WHAT TO WORK ON
Without including any picture, return the complete set of records exactly.

Recorded data
+--

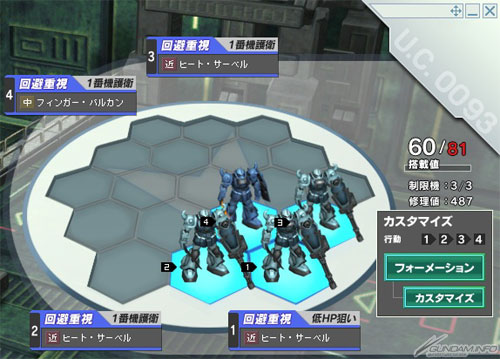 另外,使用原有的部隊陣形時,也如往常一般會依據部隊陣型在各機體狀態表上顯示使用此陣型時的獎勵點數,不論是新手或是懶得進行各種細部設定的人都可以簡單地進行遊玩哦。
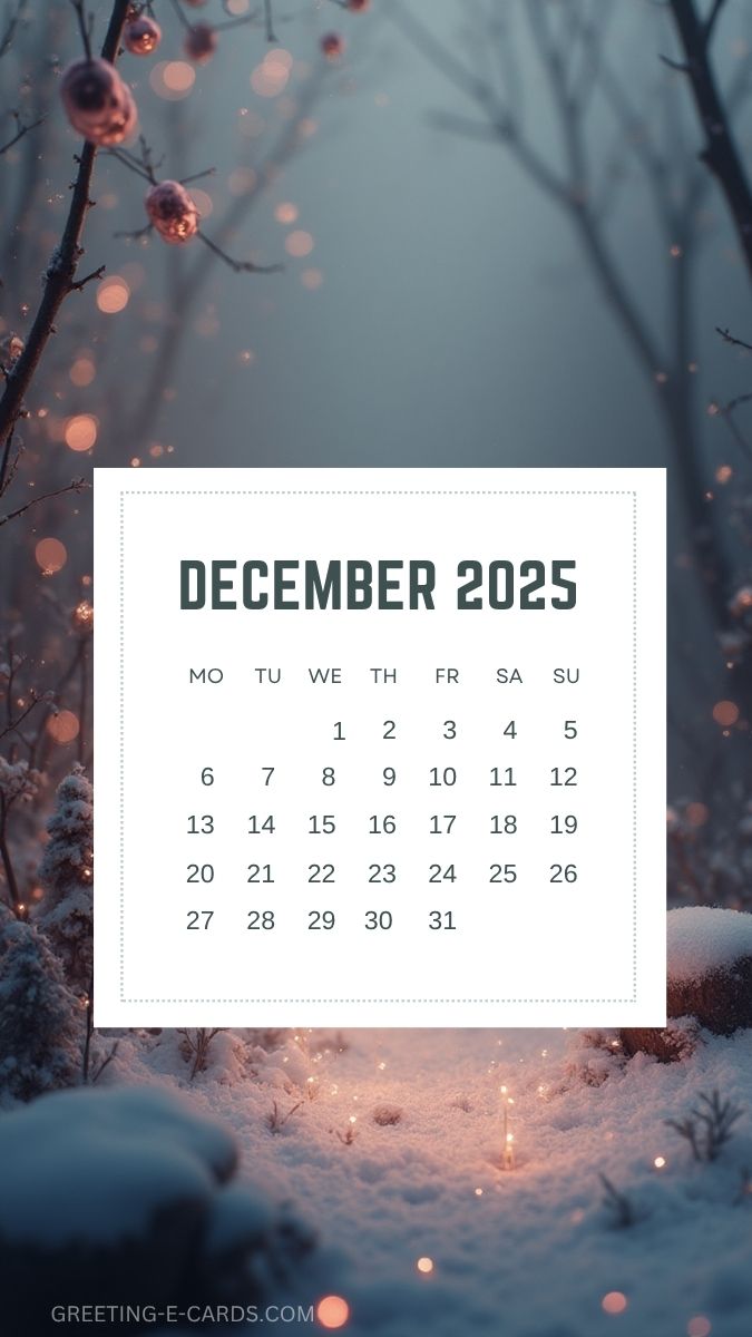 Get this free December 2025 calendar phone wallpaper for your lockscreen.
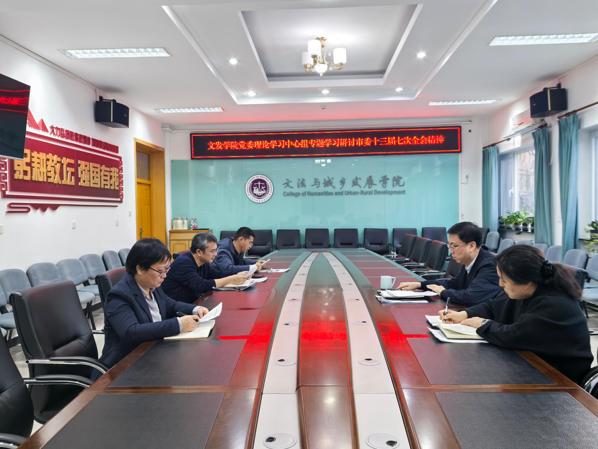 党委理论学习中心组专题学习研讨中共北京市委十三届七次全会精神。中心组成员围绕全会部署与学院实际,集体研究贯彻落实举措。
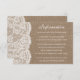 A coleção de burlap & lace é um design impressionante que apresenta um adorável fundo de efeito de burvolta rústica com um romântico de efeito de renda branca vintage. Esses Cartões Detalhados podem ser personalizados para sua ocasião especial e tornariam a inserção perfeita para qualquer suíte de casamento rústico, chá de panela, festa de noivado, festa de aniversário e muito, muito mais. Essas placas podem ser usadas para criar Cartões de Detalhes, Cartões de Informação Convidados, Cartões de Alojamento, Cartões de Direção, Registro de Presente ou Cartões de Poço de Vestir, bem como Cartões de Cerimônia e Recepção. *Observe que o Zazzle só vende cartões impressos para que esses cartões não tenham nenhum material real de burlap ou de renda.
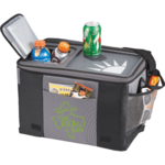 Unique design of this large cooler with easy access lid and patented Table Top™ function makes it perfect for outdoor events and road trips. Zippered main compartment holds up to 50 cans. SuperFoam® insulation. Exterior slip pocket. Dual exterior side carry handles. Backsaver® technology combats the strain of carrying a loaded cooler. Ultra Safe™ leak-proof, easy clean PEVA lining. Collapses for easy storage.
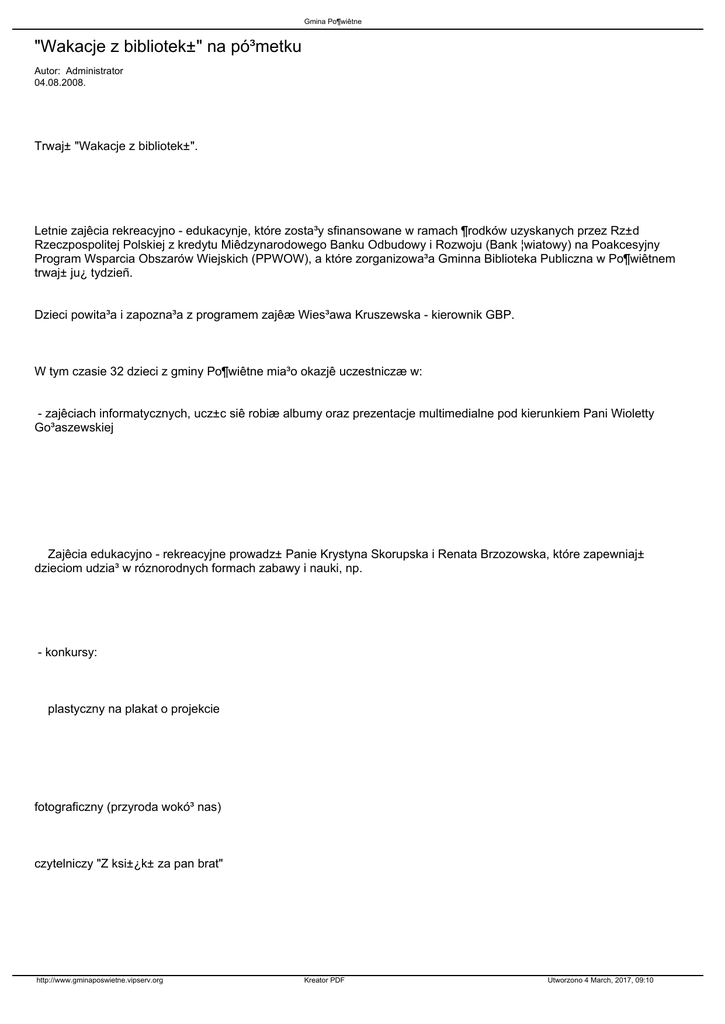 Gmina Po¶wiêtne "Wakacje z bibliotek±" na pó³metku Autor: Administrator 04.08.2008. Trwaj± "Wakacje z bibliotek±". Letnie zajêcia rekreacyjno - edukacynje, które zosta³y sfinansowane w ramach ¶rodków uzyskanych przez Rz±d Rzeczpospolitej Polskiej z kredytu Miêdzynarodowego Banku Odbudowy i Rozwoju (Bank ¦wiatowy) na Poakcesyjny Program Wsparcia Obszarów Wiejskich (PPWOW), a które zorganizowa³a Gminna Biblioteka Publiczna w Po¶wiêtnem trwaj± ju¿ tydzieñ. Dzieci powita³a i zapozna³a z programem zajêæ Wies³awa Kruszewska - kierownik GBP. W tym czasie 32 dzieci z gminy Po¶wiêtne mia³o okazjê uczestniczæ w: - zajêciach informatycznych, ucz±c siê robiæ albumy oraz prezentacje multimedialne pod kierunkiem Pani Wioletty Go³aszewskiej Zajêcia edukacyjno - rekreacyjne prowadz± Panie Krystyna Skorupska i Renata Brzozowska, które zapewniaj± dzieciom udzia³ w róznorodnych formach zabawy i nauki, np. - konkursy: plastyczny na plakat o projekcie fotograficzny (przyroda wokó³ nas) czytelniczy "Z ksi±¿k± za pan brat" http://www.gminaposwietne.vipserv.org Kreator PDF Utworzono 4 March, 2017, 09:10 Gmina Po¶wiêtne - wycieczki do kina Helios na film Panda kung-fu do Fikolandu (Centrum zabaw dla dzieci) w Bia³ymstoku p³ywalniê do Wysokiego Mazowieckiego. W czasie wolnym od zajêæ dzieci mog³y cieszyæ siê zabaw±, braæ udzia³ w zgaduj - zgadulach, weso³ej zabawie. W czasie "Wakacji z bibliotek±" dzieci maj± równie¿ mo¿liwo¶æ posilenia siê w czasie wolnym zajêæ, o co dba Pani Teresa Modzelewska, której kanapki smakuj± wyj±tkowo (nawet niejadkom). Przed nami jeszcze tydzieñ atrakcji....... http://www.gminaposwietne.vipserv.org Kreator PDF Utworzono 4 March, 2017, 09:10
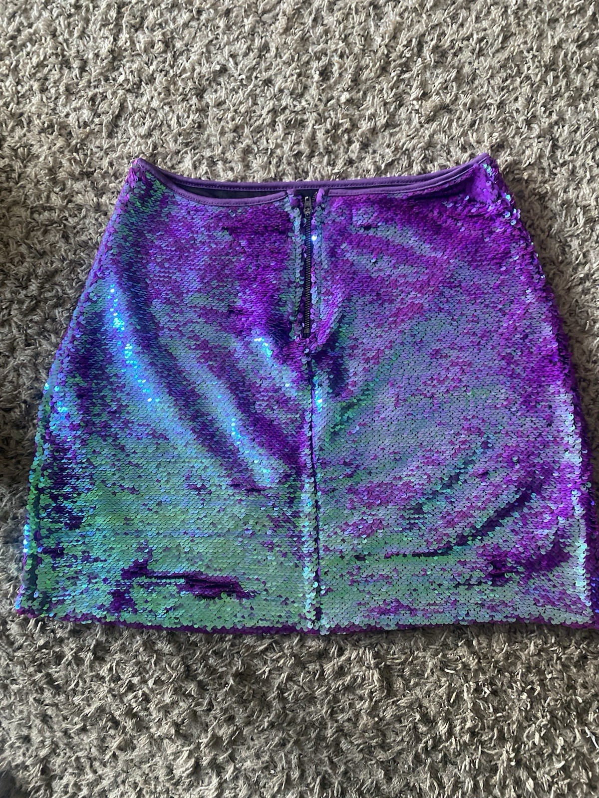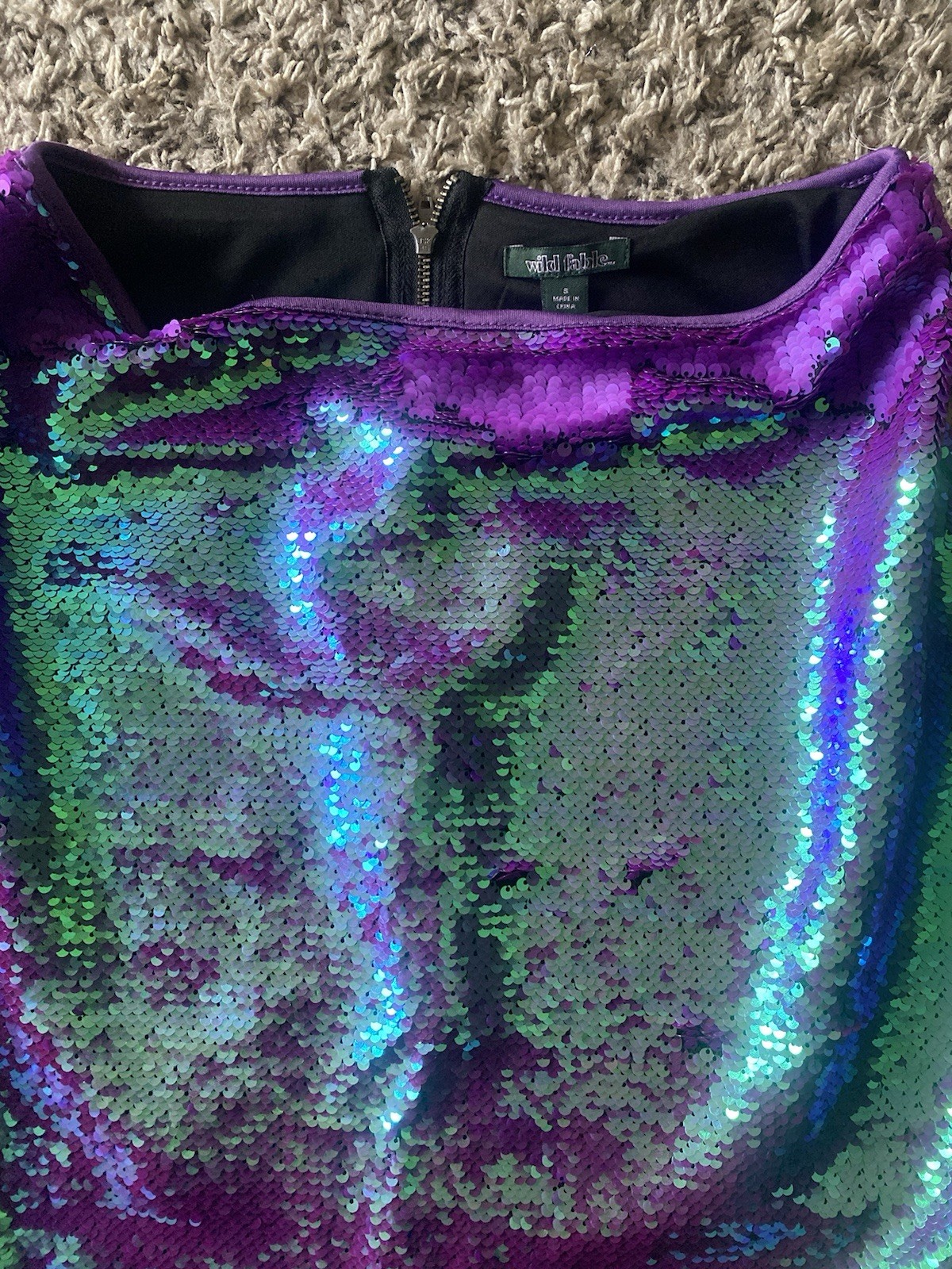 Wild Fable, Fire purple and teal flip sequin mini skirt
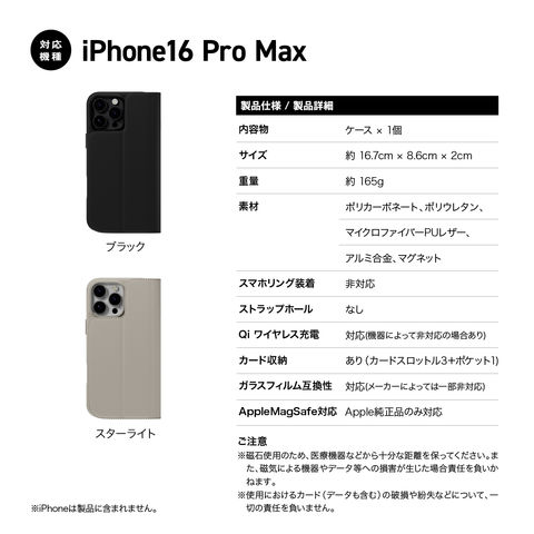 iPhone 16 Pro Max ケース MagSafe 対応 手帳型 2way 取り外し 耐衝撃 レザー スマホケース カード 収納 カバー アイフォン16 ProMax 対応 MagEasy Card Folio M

+--

ANSWER TO THIS TASK
 另外,使用原有的部隊陣形時,也如往常一般會依據部隊陣型在各機體狀態表上顯示使用此陣型時的獎勵點數,不論是新手或是懶得進行各種細部設定的人都可以簡單地進行遊玩哦。
 Get this free December 2025 calendar phone wallpaper for your lockscreen.
 党委理论学习中心组专题学习研讨中共北京市委十三届七次全会精神。中心组成员围绕全会部署与学院实际,集体研究贯彻落实举措。
 A coleção de burlap & lace é um design impressionante que apresenta um adorável fundo de efeito de burvolta rústica com um romântico de efeito de renda branca vintage. Esses Cartões Detalhados podem ser personalizados para sua ocasião especial e tornariam a inserção perfeita para qualquer suíte de casamento rústico, chá de panela, festa de noivado, festa de aniversário e muito, muito mais. Essas placas podem ser usadas para criar Cartões de Detalhes, Cartões de Informação Convidados, Cartões de Alojamento, Cartões de Direção, Registro de Presente ou Cartões de Poço de Vestir, bem como Cartões de Cerimônia e Recepção. *Observe que o Zazzle só vende cartões impressos para que esses cartões não tenham nenhum material real de burlap ou de renda.
 Unique design of this large cooler with easy access lid and patented Table Top™ function makes it perfect for outdoor events and road trips. Zippered main compartment holds up to 50 cans. SuperFoam® insulation. Exterior slip pocket. Dual exterior side carry handles. Backsaver® technology combats the strain of carrying a loaded cooler. Ultra Safe™ leak-proof, easy clean PEVA lining. Collapses for easy storage.
 Gmina Po¶wiêtne "Wakacje z bibliotek±" na pó³metku Autor: Administrator 04.08.2008. Trwaj± "Wakacje z bibliotek±". Letnie zajêcia rekreacyjno - edukacynje, które zosta³y sfinansowane w ramach ¶rodków uzyskanych przez Rz±d Rzeczpospolitej Polskiej z kredytu Miêdzynarodowego Banku Odbudowy i Rozwoju (Bank ¦wiatowy) na Poakcesyjny Program Wsparcia Obszarów Wiejskich (PPWOW), a które zorganizowa³a Gminna Biblioteka Publiczna w Po¶wiêtnem trwaj± ju¿ tydzieñ. Dzieci powita³a i zapozna³a z programem zajêæ Wies³awa Kruszewska - kierownik GBP. W tym czasie 32 dzieci z gminy Po¶wiêtne mia³o okazjê uczestniczæ w: - zajêciach informatycznych, ucz±c siê robiæ albumy oraz prezentacje multimedialne pod kierunkiem Pani Wioletty Go³aszewskiej Zajêcia edukacyjno - rekreacyjne prowadz± Panie Krystyna Skorupska i Renata Brzozowska, które zapewniaj± dzieciom udzia³ w róznorodnych formach zabawy i nauki, np. - konkursy: plastyczny na plakat o projekcie fotograficzny (przyroda wokó³ nas) czytelniczy "Z ksi±¿k± za pan brat" http://www.gminaposwietne.vipserv.org Kreator PDF Utworzono 4 March, 2017, 09:10 Gmina Po¶wiêtne - wycieczki do kina Helios na film Panda kung-fu do Fikolandu (Centrum zabaw dla dzieci) w Bia³ymstoku p³ywalniê do Wysokiego Mazowieckiego. W czasie wolnym od zajêæ dzieci mog³y cieszyæ siê zabaw±, braæ udzia³ w zgaduj - zgadulach, weso³ej zabawie. W czasie "Wakacji z bibliotek±" dzieci maj± równie¿ mo¿liwo¶æ posilenia siê w czasie wolnym zajêæ, o co dba Pani Teresa Modzelewska, której kanapki smakuj± wyj±tkowo (nawet niejadkom). Przed nami jeszcze tydzieñ atrakcji....... http://www.gminaposwietne.vipserv.org Kreator PDF Utworzono 4 March, 2017, 09:10
 Wild Fable, Fire purple and teal flip sequin mini skirt
 iPhone 16 Pro Max ケース MagSafe 対応 手帳型 2way 取り外し 耐衝撃 レザー スマホケース カード 収納 カバー アイフォン16 ProMax 対応 MagEasy Card Folio M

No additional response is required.